Data =

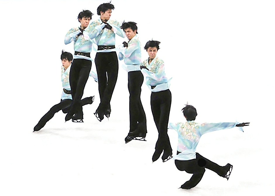 2月10日,日本选手羽生结弦在比赛中尝试阿克塞尔四周跳(拼接照片)。 新华社记者曹灿摄
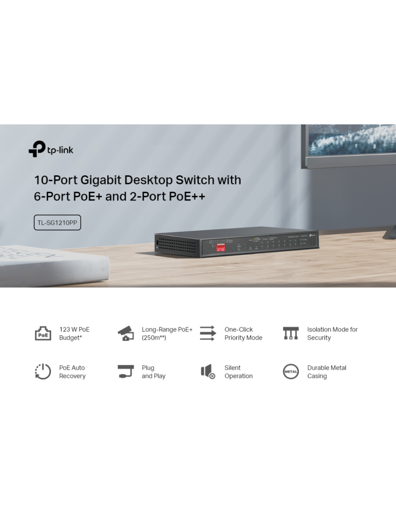 10-портов гигабитен настолен комутатор TP-Link TL-SG1210PP с 6-порта PoE и 2-порта PoE
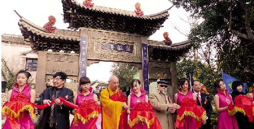 2010年中国第一座铜牌坊由朱炳仁主持设计落户于普陀山,图为朱炳仁和国学大师文怀沙(右5)、普陀山全山方太道慈(左4)、普陀山风景名胜景区管委会书记蒋宝华(右3)、香港美术学院院长徐燕婷(右1)参加揭幕仪式
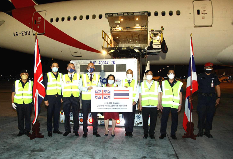 วัคซีนจากการบริจาคของรัฐบาลสหราชอาณาจักร เดินทางถึงสนามบินสุวรรณภูมิ เมื่อเวลาประมาณ 21.00 น. นับเป็นอีกหนึ่งก้าวสำคัญของเราทุกคนที่จะก้าวผ่านวิกฤตครั้งนี้ไปด้วยกัน ด้วยการช่วยลดการระบาดของโรคโควิด-19 ในประเทศไทย โดยจุดประสงค์ของการบริจาคเพื่อช่วยกระจายวัคซีนให้ถึงประชาชนทั่วประเทศมากขึ้นอย่างเท่าเทียม ทั้งนี้นายแพทย์โสภณ เอี่ยมศิริถาวร รองอธิบดีกรมควบคุมโรค และนางจุฬามณี ชาติสุวรรณ อธิบดีกรมยุโรป กระทรวงการต่างประเทศ เป็นตัวแทนรัฐบาลไทยรับมอบวัคซีนออกซฟอร์ด-แอสตราเซเนกา จำนวน 415,000 โดสในคืนนี้

Try it =
Print exactly what appears from the first line of the listing above down to the line containing "2010年中国第一座铜牌坊由", inclusive, and leave out all pictures.

Solution to this exercise =
 2月10日,日本选手羽生结弦在比赛中尝试阿克塞尔四周跳(拼接照片)。 新华社记者曹灿摄
 10-портов гигабитен настолен комутатор TP-Link TL-SG1210PP с 6-порта PoE и 2-порта PoE
 2010年中国第一座铜牌坊由朱炳仁主持设计落户于普陀山,图为朱炳仁和国学大师文怀沙(右5)、普陀山全山方太道慈(左4)、普陀山风景名胜景区管委会书记蒋宝华(右3)、香港美术学院院长徐燕婷(右1)参加揭幕仪式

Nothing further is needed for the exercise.